Work task
Hand back every line from the beginning of the data below through the line containing "憲児陶苑 白泥ポット 黒水玉カット セラメッシュ(陶製茶こし)kenji016", word for word and free of pictures.
═══ Extracted material ═══
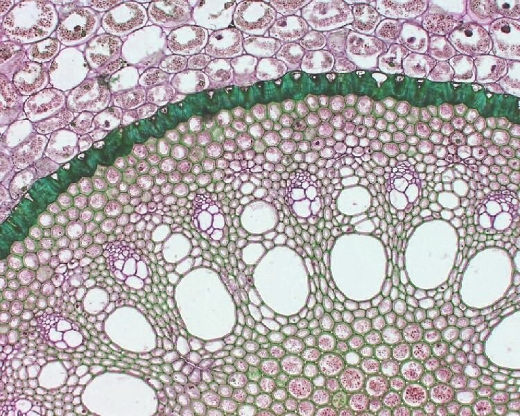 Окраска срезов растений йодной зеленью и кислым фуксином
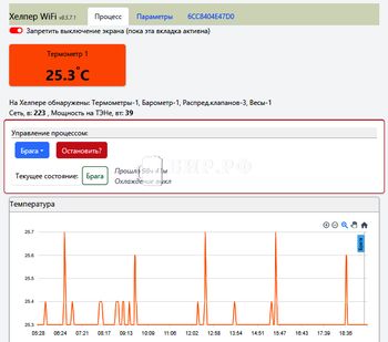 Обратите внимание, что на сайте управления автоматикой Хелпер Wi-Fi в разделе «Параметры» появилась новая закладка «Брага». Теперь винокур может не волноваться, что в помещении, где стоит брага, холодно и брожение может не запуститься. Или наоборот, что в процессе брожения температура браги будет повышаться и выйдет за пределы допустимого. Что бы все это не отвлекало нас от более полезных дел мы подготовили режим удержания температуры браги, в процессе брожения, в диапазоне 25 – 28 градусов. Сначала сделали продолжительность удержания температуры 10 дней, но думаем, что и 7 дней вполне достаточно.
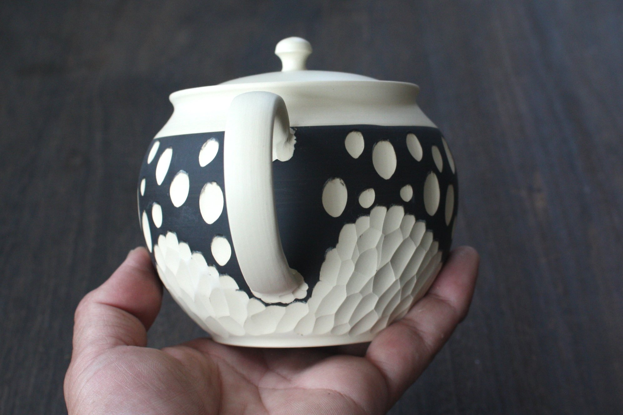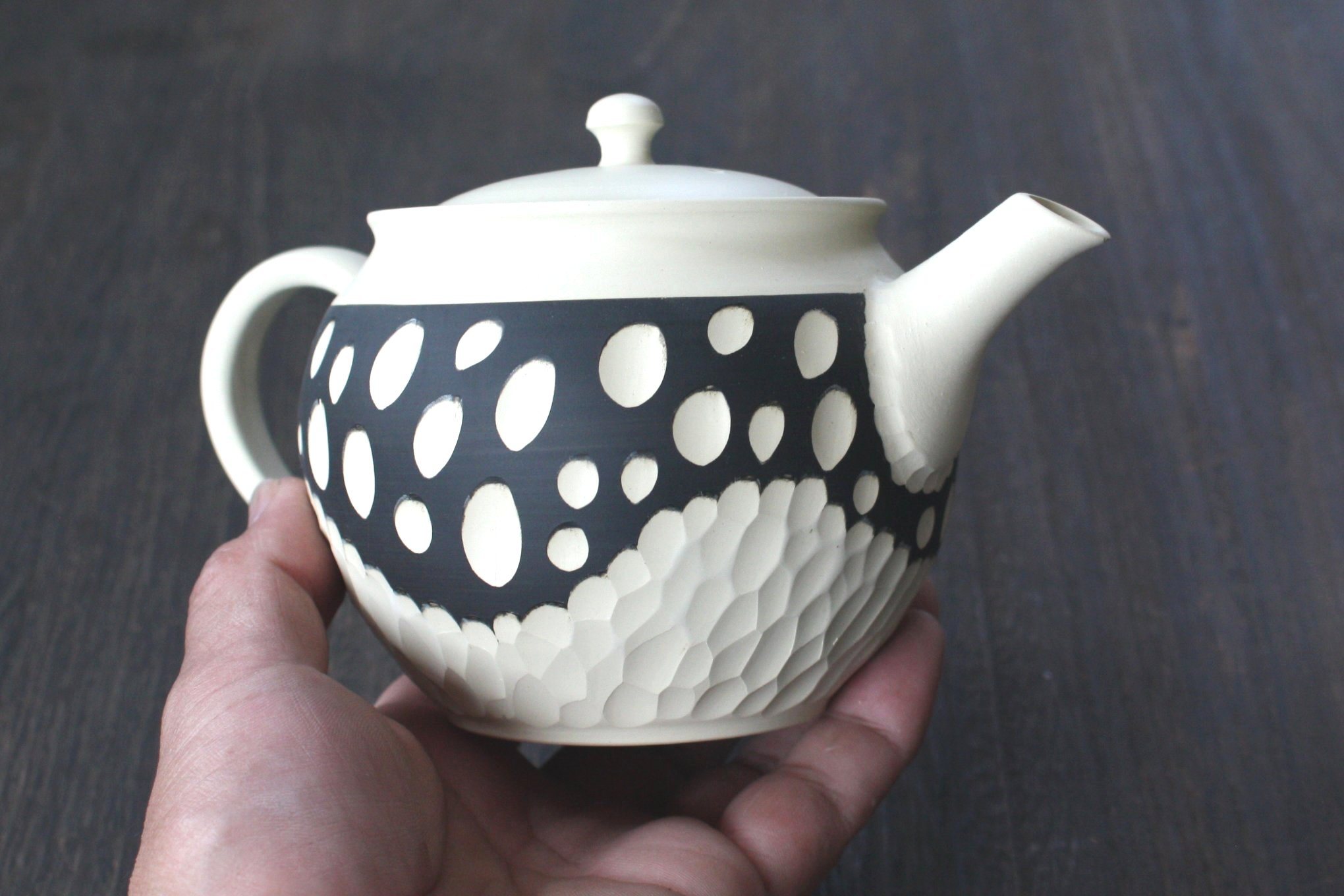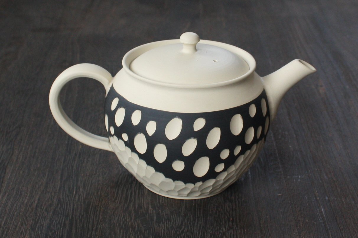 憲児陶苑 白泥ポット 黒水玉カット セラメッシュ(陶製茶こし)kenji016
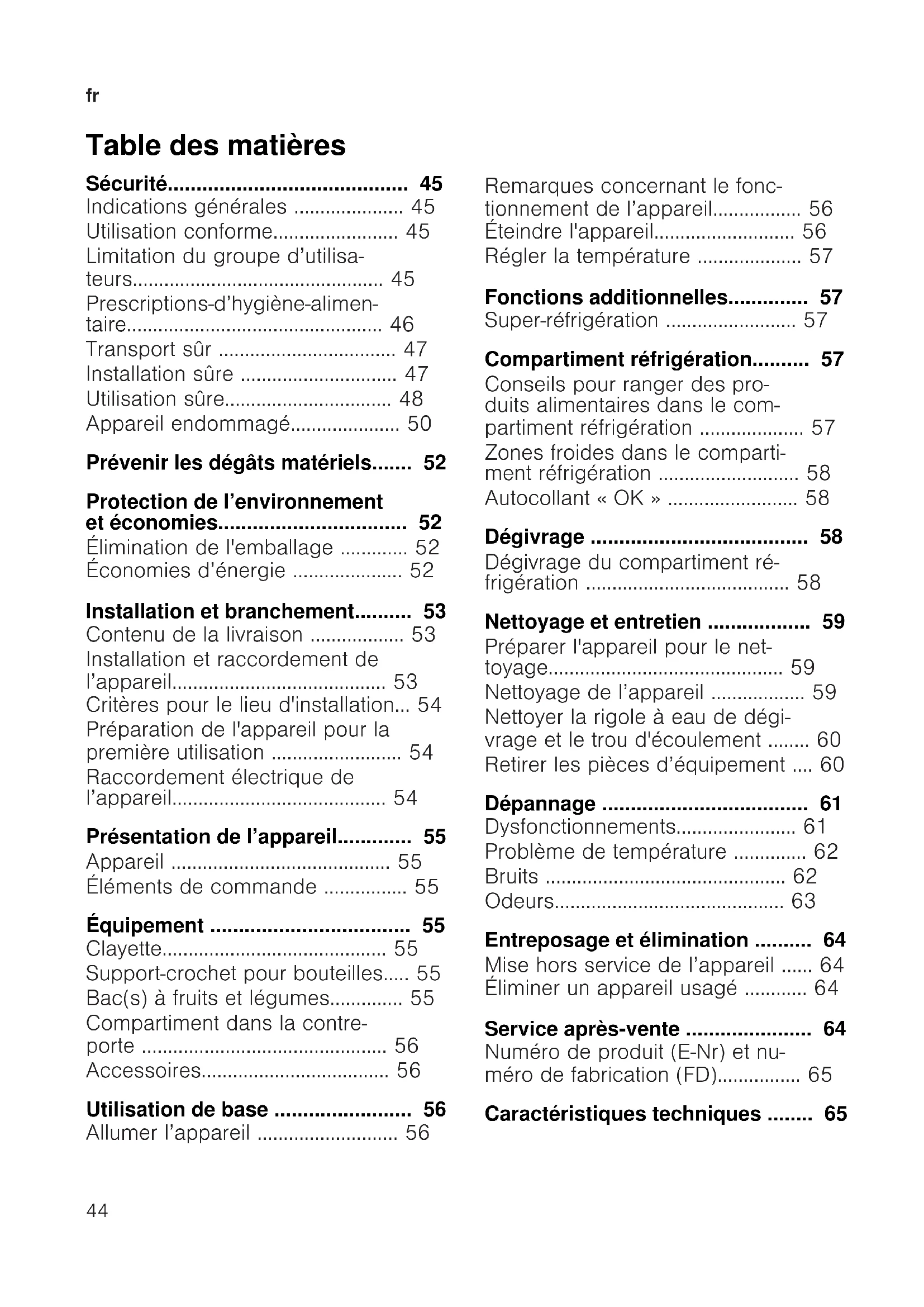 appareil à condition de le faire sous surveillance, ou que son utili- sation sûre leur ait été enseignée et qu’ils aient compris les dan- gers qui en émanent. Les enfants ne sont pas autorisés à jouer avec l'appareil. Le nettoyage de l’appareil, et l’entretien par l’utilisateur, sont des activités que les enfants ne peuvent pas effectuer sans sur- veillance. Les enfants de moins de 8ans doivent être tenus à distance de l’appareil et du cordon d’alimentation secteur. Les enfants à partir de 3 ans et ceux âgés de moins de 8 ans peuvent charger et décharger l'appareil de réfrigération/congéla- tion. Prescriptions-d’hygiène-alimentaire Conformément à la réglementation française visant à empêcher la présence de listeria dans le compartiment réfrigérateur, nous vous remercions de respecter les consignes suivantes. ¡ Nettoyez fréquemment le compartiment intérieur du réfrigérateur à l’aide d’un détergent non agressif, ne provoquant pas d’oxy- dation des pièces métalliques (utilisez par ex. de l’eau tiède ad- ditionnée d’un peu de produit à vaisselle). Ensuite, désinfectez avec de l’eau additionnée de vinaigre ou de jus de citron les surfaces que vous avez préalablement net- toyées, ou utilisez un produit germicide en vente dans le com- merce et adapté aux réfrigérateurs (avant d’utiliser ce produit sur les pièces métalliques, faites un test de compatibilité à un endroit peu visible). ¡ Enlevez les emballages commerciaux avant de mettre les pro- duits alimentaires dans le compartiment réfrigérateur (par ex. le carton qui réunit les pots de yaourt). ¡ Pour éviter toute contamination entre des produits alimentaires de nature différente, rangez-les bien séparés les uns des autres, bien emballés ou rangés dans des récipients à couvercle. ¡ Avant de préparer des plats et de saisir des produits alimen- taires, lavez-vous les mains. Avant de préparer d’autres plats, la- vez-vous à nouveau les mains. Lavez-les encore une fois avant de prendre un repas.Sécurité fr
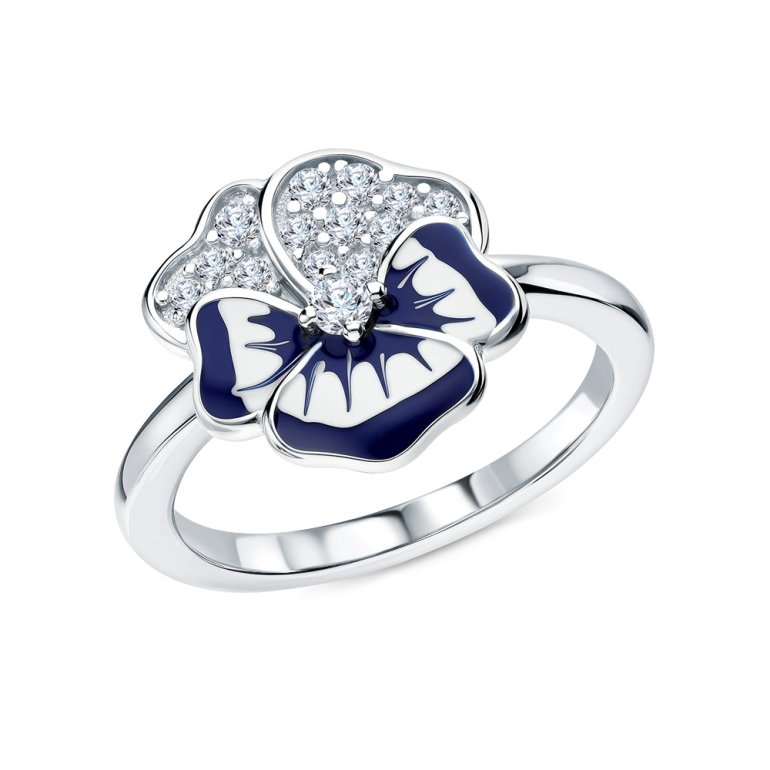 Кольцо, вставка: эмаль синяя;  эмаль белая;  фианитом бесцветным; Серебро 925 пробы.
═══
Task answer
 Окраска срезов растений йодной зеленью и кислым фуксином
 Обратите внимание, что на сайте управления автоматикой Хелпер Wi-Fi в разделе «Параметры» появилась новая закладка «Брага». Теперь винокур может не волноваться, что в помещении, где стоит брага, холодно и брожение может не запуститься. Или наоборот, что в процессе брожения температура браги будет повышаться и выйдет за пределы допустимого. Что бы все это не отвлекало нас от более полезных дел мы подготовили режим удержания температуры браги, в процессе брожения, в диапазоне 25 – 28 градусов. Сначала сделали продолжительность удержания температуры 10 дней, но думаем, что и 7 дней вполне достаточно.
 憲児陶苑 白泥ポット 黒水玉カット セラメッシュ(陶製茶こし)kenji016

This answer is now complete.